Velleman - How to prove it - Do these two statements really mean the same thing?

Question

Hello and thanks in advance for reading!

In How to Prove it P29 Velleman writes:

" In general, the statement y ∈ { x | P(x)} means the same thing as P(y), ... "

In my understanding the first statement means that we apply the elementhood test to y and it fulfills it (makes it true), and the second statement means that we apply the same test but it can be true or false (as in we cannot know if P(y) is true or false).

So I don't see how these mean the same. What am I missing?

Thanks a lot!

Answer 1

Note that an object $y$ is an element of $\{ x : P(x) \}$ iff $P(y)$ is true.

• If $y$ is in $\{ x : P(x) \}$, then $y$ must satisfy the defining property of being an element of $\{ x : P(x) \}$, namely having property $P(\cdot)$.
• If $P(y)$ is true, then $y$ satisfies the defining property of being an element of $\{ x : P(x) \}$, and so it is an element of that collection.

This is pretty much by notational definition, but we therefore have that elementhood in $\{ x : P(x) \}$ is equivalent to having property $P(\cdot)$.

Answer 2

Two points. (1) It is certainly the case that, assuming that the relevant set exists, that

$$y \in \{x \mid P(x)\} \leftrightarrow P(y),$$

as Arthur Fischer explains.

You might wonder, then, why Velleman writes "In general" that holds, and not "Always". Well, suppose $P$ is the property of being a non-self-membered set [or of being a set which has a rank in the hierarchy, or some such]. Then, it is not true that some given $y$ is such that $P(y)$ if and only if $y \in \{x \mid P(x)\}$, taking $\{x \mid P(x)\}$ as a purported set-designator, for the simple reason that there is no such set as the Russell set of all non-self-membered sets. We do need the set $\{x \mid P(x)\}$ to exist for the equivalence to hold!

(2) Even when the relevant set does exist, I wouldn't want to put it quite Velleman's way -- i.e. I wouldn't assert that $P(y)$ actually means the same as $y \in \{x \mid P(x)\}$. For, in most cases, only one of them commits you to the existence of a set: and if their ontological commitments are distinct, they can't mean just the same. They are not outright meaning-equivalent, only equivalent inside a bit of elementary set-theory.

Answer 3

In the context of $\mathsf{ZFC}$ set theory, the reason that the statement "$y \in \{ x \mid P(x)\}$" means the same thing as $P(y)$ is that we define it to mean $P(y)$. Here the variable symbols $x$ and $y$ denote sets.

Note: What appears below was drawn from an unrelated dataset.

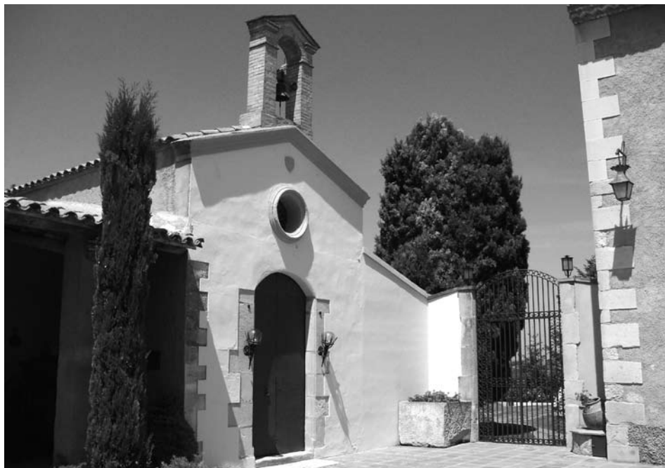
Vista de la façana de la capella de Mare de Déu de la Cabeça a Vila-sana.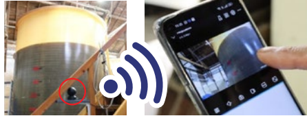
Wi-Fi™対応カメラでタンクの状況がスマートフォンで確認可能に 従業員の移動距離を大幅に削減

We refer to $\{ x \mid P(x)\}$ as the class of all sets $x$ having property $P$, and to say that a set $y$ is a member of this class is just a fancy way of saying that it has property $P$.

(A naive alternative is to define $\{ x \mid P(x)\}$ to be the "set" of all sets $x$ having property $P$, but this is problematic because assuming that such a set always exists will lead to Russell's paradox.)

The statement $y \in \{ x \mid P(x)\}$ can be either true or false according to whether $y$ is a member of the class $\{ x \mid P(x)\}$. Likewise, the (equivalent by definition) statement $P(y)$ can be either true or false according to whether $y$ has property $P$.

Answer 4

Set-builder notation can be confusing at times. Rewrite $p=\{x | P(x)\}$ with a quantifier as $\forall y (y\in p \iff P(y))$ and I think your answer becomes obvious.